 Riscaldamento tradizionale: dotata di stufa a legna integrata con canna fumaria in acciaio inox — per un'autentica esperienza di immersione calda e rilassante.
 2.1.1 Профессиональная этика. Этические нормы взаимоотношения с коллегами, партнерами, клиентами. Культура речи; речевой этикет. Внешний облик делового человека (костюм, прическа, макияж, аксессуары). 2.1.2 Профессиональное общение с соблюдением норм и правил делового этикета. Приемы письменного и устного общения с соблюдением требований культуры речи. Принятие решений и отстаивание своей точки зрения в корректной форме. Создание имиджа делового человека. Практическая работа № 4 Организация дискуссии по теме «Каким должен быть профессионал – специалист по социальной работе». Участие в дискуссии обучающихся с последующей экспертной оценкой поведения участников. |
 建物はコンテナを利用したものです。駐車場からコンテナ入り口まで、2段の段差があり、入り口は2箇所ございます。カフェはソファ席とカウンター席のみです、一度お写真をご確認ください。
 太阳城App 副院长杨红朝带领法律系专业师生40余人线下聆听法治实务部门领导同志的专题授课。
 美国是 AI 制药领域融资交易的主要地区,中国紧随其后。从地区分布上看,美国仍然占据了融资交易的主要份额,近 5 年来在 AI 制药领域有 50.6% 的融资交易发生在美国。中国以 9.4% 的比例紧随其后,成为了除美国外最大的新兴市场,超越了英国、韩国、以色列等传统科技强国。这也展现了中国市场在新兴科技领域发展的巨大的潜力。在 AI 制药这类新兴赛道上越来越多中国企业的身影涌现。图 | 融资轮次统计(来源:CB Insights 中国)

---

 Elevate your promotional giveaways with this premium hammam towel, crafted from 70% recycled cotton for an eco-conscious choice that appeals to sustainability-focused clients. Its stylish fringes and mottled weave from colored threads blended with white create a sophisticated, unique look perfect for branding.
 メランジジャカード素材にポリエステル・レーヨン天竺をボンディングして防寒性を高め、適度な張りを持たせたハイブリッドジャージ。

#### [What you will do]
Return only the part of the records above that opens with the line containing "Elevate your promotional" and closes with the line containing "メランジジャカード素材にポリ", ends included.

#### [Written answer]
 Elevate your promotional giveaways with this premium hammam towel, crafted from 70% recycled cotton for an eco-conscious choice that appeals to sustainability-focused clients. Its stylish fringes and mottled weave from colored threads blended with white create a sophisticated, unique look perfect for branding.
 メランジジャカード素材にポリエステル・レーヨン天竺をボンディングして防寒性を高め、適度な張りを持たせたハイブリッドジャージ。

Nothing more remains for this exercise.